··· Stored data ···

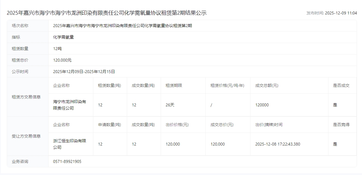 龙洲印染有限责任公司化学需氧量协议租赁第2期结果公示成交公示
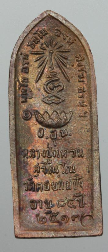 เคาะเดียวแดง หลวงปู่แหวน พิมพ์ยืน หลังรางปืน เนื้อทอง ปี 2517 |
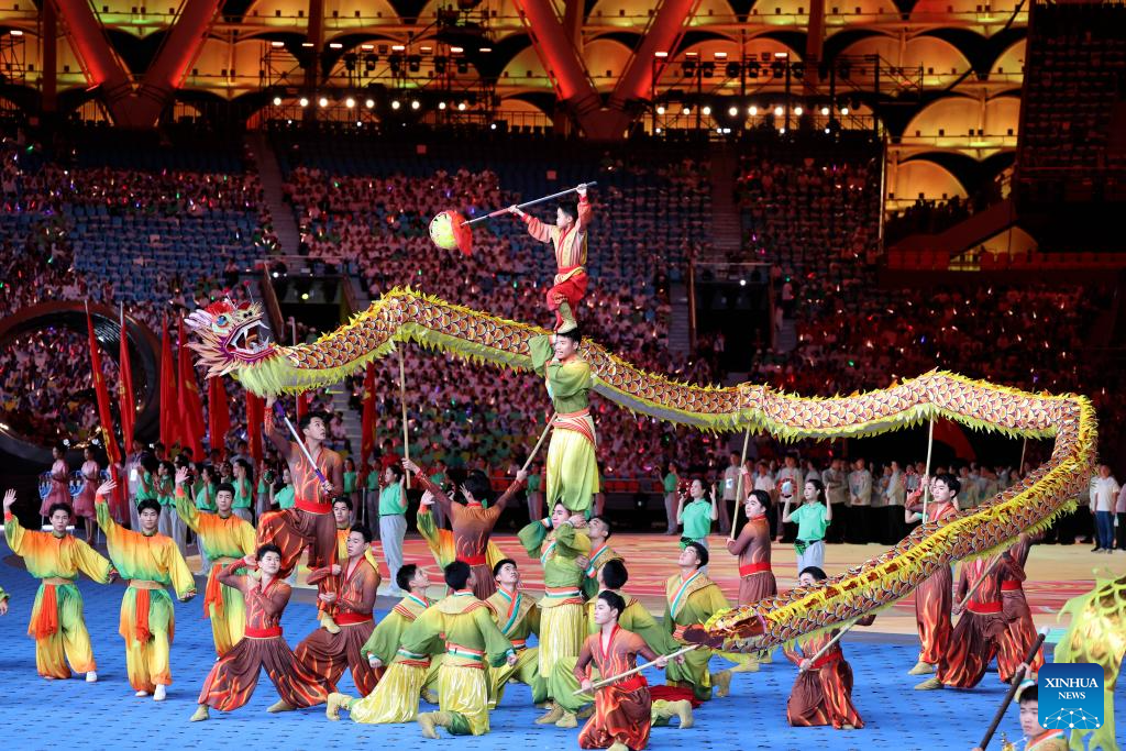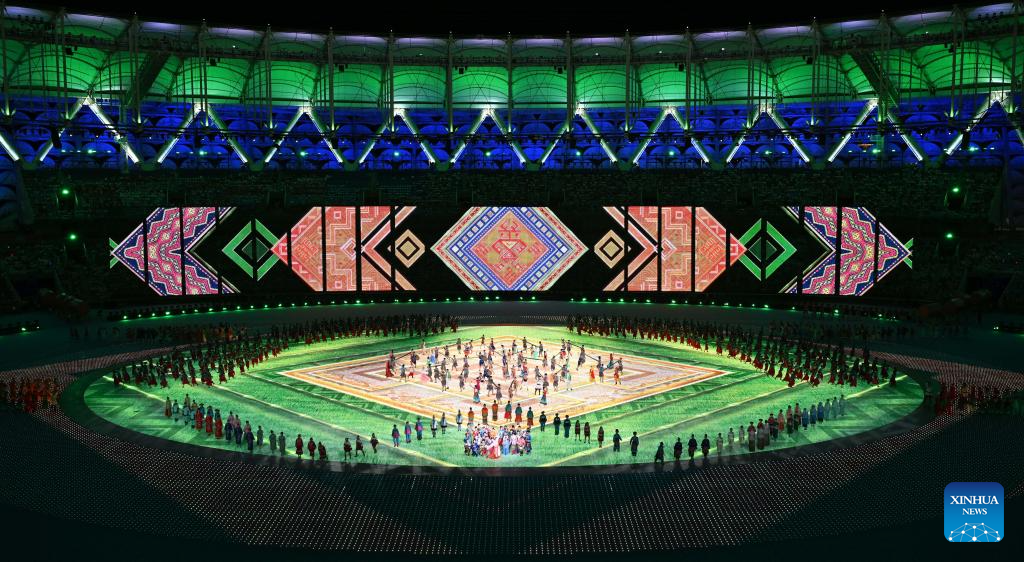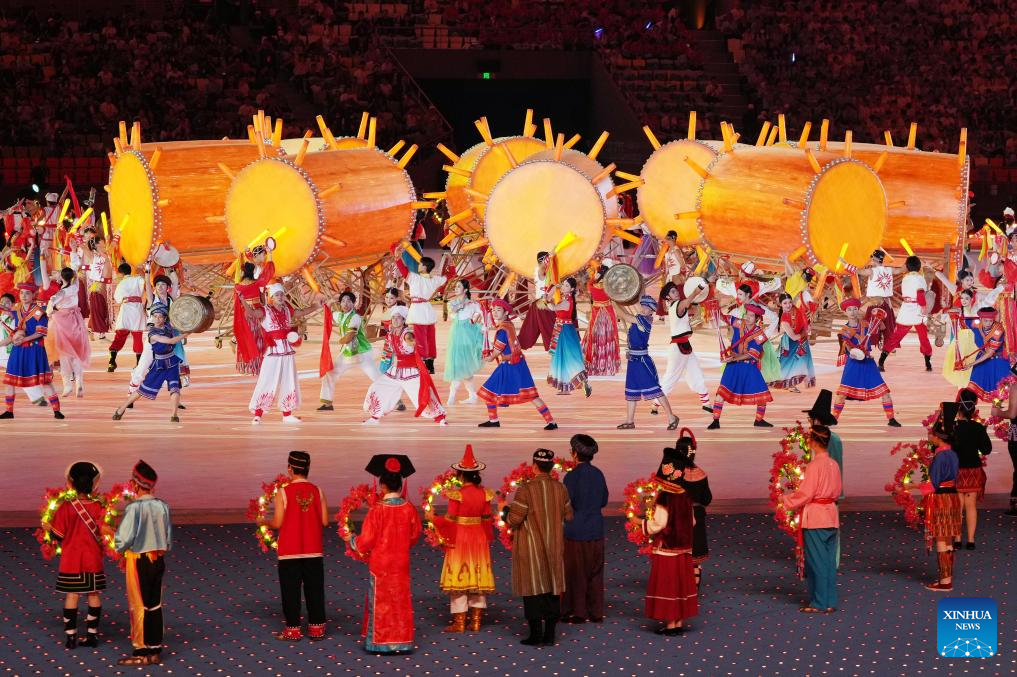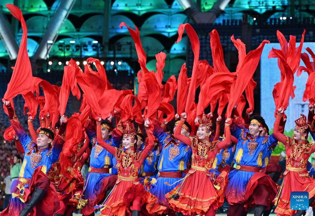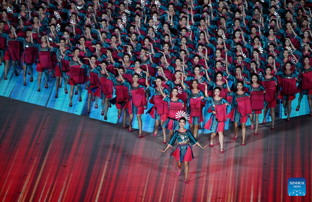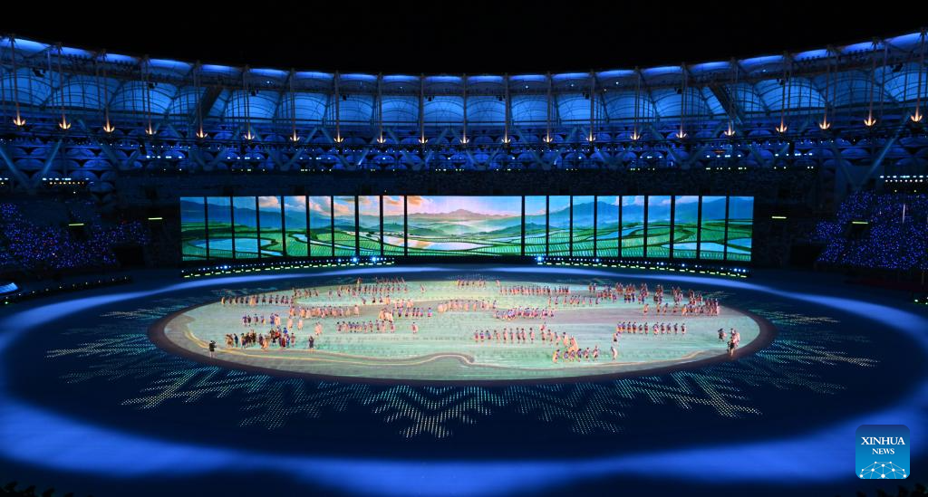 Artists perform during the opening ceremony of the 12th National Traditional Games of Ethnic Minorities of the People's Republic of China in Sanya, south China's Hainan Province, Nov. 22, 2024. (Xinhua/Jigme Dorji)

···

__Problem__.
An exact transcript of the listing is needed, free of pictures.

__Response to this exercise__.
 龙洲印染有限责任公司化学需氧量协议租赁第2期结果公示成交公示
 เคาะเดียวแดง หลวงปู่แหวน พิมพ์ยืน หลังรางปืน เนื้อทอง ปี 2517 |
 Artists perform during the opening ceremony of the 12th National Traditional Games of Ethnic Minorities of the People's Republic of China in Sanya, south China's Hainan Province, Nov. 22, 2024. (Xinhua/Jigme Dorji)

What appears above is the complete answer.